Surgery is the cornerstone of craniosynostosis treatment. In this study, two widely accepted techniques are described: endoscope-assisted surgery (EAS) and open surgery (OS). The authors compared the perioperative and reconstructive outcomes of EAS and OS in children ≤ 6 months of age treated at the Napoleón Franco Pareja Children’s Hospital (Cartagena, Colombia).

METHODS

According to the STROBE (Strengthening the Reporting of Observational Studies in Epidemiology) statement, patients with defined criteria who underwent surgery to correct craniosynostosis between June 1996 and June 2022 were retrospectively enrolled. Demographic data, perioperative outcomes, and follow-up were obtained from their medical records. Student t-tests were used for significance. Cronbach’s α was used to assess agreement between estimated blood loss (EBL). Spearman’s correlation coefficient and the coefficient of determination were used to establish associations between the results of interest, and the odds ratio was used to calculate the risk ratio of blood product transfusion.

RESULTS

A total of 74 patients met the inclusion criteria; 24 (32.4%) belonged to the OS group and 50 (67.6%) to the EAS group. There was a high interobserver agreement quantifying the EBL. The EBL, transfusion of blood products, surgical time, and hospital stay were shorter in the EAS group.
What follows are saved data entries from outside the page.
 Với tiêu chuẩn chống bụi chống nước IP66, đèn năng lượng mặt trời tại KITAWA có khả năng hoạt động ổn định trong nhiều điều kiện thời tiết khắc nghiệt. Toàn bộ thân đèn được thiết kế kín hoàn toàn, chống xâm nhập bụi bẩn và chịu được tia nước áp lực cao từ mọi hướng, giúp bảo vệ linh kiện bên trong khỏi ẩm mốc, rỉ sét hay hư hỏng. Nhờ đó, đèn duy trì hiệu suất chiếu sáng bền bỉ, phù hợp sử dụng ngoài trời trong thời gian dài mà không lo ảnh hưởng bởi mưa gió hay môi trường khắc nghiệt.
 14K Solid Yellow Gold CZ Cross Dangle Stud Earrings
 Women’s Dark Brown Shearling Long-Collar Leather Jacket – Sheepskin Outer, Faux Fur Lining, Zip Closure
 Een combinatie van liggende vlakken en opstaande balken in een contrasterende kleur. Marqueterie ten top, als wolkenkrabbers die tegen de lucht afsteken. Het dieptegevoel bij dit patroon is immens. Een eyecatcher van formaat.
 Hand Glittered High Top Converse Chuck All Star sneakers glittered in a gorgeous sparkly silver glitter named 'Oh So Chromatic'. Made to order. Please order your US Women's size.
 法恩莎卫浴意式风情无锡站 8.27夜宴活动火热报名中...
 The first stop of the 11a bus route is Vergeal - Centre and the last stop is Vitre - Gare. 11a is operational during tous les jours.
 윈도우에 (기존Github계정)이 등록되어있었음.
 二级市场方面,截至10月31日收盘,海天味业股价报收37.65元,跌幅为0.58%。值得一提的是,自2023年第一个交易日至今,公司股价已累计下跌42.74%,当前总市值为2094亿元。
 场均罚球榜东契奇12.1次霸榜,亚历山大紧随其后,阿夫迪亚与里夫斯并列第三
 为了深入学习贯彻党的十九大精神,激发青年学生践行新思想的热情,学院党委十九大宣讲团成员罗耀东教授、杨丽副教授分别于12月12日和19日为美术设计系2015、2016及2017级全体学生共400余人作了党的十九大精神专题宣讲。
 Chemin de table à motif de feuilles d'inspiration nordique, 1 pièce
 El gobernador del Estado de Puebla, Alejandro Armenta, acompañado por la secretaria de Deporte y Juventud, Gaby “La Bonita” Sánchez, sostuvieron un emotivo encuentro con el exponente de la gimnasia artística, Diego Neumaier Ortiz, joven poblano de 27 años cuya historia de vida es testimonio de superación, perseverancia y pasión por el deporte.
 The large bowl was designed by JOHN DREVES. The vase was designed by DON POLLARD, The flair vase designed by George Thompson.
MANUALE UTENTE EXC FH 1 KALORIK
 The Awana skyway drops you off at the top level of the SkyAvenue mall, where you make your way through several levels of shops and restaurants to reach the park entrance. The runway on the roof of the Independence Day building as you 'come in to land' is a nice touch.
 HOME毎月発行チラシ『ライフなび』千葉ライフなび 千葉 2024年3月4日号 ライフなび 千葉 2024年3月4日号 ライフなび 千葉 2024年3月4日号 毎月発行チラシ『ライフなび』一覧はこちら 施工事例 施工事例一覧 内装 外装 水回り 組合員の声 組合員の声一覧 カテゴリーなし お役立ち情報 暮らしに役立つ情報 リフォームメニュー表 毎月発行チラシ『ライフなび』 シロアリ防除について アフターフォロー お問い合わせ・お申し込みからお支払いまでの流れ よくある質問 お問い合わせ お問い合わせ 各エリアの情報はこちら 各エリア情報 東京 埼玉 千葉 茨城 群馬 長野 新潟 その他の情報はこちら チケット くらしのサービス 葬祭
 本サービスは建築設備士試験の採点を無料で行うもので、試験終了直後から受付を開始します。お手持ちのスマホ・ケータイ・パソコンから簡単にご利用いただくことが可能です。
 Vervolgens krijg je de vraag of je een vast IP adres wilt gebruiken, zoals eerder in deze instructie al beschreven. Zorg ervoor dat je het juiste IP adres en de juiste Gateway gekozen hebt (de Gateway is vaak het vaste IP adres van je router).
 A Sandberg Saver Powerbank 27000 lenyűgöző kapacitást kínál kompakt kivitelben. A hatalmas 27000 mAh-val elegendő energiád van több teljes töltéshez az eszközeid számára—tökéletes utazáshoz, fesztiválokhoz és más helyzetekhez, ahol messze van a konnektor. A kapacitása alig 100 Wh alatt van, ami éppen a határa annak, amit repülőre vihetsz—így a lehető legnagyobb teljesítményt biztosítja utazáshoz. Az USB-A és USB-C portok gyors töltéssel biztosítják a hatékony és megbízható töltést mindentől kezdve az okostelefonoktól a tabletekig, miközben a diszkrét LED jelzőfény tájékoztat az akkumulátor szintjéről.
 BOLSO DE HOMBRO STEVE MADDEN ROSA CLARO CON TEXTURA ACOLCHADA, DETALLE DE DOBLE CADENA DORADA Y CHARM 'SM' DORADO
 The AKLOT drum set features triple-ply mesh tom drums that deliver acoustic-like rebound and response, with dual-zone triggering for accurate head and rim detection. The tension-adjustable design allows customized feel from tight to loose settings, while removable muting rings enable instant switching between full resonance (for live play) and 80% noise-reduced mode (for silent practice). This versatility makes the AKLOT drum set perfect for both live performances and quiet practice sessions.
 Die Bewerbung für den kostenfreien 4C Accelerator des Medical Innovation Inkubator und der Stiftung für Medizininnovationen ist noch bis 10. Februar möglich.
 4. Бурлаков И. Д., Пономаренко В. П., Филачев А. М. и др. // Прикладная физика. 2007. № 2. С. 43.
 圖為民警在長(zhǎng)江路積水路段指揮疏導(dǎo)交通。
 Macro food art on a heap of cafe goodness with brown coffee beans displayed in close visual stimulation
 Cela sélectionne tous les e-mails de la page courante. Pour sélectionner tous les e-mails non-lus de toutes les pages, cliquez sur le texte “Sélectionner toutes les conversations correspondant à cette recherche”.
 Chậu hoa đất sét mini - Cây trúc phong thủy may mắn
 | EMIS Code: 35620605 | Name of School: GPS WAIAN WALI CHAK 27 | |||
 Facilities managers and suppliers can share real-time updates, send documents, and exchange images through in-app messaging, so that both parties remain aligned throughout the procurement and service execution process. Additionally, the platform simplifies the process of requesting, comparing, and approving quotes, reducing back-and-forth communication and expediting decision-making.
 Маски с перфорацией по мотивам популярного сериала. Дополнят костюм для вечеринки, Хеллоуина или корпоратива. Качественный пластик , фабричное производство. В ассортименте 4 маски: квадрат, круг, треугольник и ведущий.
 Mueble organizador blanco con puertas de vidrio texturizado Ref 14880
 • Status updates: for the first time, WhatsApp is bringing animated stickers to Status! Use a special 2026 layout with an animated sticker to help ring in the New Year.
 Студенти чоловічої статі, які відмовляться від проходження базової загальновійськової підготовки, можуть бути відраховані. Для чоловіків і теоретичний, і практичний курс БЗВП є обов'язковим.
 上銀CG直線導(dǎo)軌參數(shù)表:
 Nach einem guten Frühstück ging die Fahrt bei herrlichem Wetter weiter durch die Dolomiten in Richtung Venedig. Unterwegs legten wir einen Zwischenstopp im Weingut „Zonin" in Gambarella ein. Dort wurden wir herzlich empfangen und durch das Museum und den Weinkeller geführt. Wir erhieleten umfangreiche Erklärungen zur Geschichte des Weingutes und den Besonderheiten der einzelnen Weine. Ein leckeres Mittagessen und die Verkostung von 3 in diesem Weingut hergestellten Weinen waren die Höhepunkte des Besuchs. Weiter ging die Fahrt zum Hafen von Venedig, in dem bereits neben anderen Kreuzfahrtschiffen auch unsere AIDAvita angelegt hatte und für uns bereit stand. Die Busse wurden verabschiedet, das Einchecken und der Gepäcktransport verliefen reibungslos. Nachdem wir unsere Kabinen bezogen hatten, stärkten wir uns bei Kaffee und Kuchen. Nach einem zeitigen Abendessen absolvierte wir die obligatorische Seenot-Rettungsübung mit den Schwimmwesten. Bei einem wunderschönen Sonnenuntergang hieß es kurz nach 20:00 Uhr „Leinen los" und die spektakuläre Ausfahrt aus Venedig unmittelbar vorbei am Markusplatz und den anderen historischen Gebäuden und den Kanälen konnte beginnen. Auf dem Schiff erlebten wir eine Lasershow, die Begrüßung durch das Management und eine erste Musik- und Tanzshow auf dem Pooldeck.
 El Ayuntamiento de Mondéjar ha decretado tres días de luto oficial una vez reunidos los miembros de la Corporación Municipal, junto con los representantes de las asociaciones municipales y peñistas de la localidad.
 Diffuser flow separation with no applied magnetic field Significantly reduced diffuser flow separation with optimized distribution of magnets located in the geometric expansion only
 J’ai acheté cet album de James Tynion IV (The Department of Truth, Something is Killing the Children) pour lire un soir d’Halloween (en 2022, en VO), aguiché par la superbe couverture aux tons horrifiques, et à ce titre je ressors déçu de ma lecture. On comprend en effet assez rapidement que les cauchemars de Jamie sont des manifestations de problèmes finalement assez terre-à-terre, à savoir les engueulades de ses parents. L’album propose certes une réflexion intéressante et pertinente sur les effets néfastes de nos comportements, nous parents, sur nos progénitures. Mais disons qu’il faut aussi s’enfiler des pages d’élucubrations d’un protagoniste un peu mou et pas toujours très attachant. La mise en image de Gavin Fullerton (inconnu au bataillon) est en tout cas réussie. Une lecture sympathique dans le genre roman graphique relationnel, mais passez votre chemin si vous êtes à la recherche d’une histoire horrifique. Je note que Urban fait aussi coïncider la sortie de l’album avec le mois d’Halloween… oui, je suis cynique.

Surgical time was positively correlated with EBL. There were no differences between the two groups in the percentage of cranial index correction at 12 months of follow-up.

CONCLUSIONS

Surgical correction of craniosynostosis in children aged ≤ 6 months by EAS was associated with a significant decrease in EBL, transfusion requirements, surgical time, and hospital stay compared with OS. The results of cranial deformity correction in patients with scaphocephaly and acrocephaly were equivalent in both study groups.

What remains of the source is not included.